Since it is hereditary, we had the kids tested yesterday. True to their personalities, Andy didn't seem bothered by the blood draw at all. I gave him a lollipop and he pretty much glanced at the needle and resumed his licking. He was most upset by the coban bandage they wrapped around his arm when finished. I believe the people in the waiting room were aware that Suzy was not a fan of being stuck. She is still talking about it today.

In an effort to make this post uplifting, I will confess my coping skill from the day I found out I would have a limited diet. Granted, I am very grateful that I have been cutting back on carbs for several years now. My gestational diabetes was a good crash course and my diet has been much better since starting the P90X this summer. But, still, I was sad to hear I would have to eliminate some of my favorite foods.

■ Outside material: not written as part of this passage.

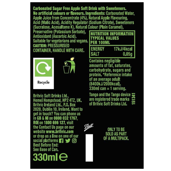 The British Pantry Tango Apple Sugar-Free Sparkling Soft Drink Cans β 8 x 330ml
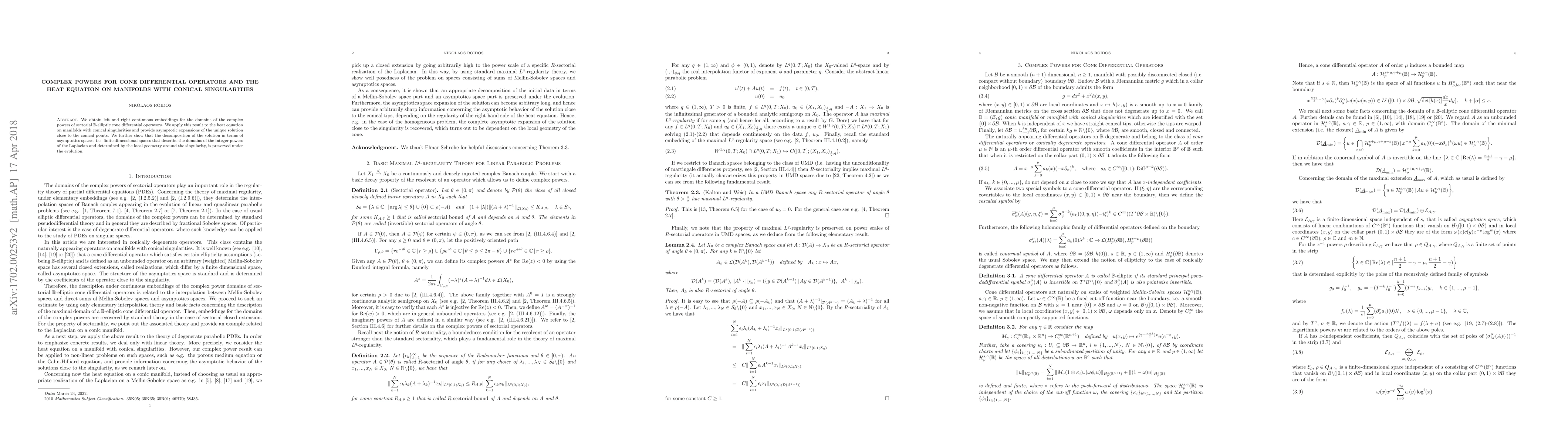 This paper establishes continuous embeddings for complex powers of cone differential operators and applies these results to the heat equation on manifolds with conical singularities, providing asymptotic expansions near singularities and demonstrating the preservation of solution decompositions under evolution.

I'm not really a tub of ice cream eater. Instead, I like sweets and carbs. In an effort to stay somewhat on my diet and prove to myself that I can still be completely glutenous without gluten, I ate entire bags of Pirate Booty, dried mango, and mini M&Ms. Hmmmm... maybe that's why that last little pound it sticking around...... ;) I'm better now. I have a better perspective. I am thankful for the health that I do have and the fabulous support I have of my family. I had to take a photo to remind myself that eating this much junk was indeed, a bad idea. Still, it's nice to know that three of my favorite things are still on the approved list. I just need to eat them in better moderation. ;)

1 comment:

Unknown said...

The journey to the root cause is always an interesting one. Thanks for sharing. Love you - gluten free and all!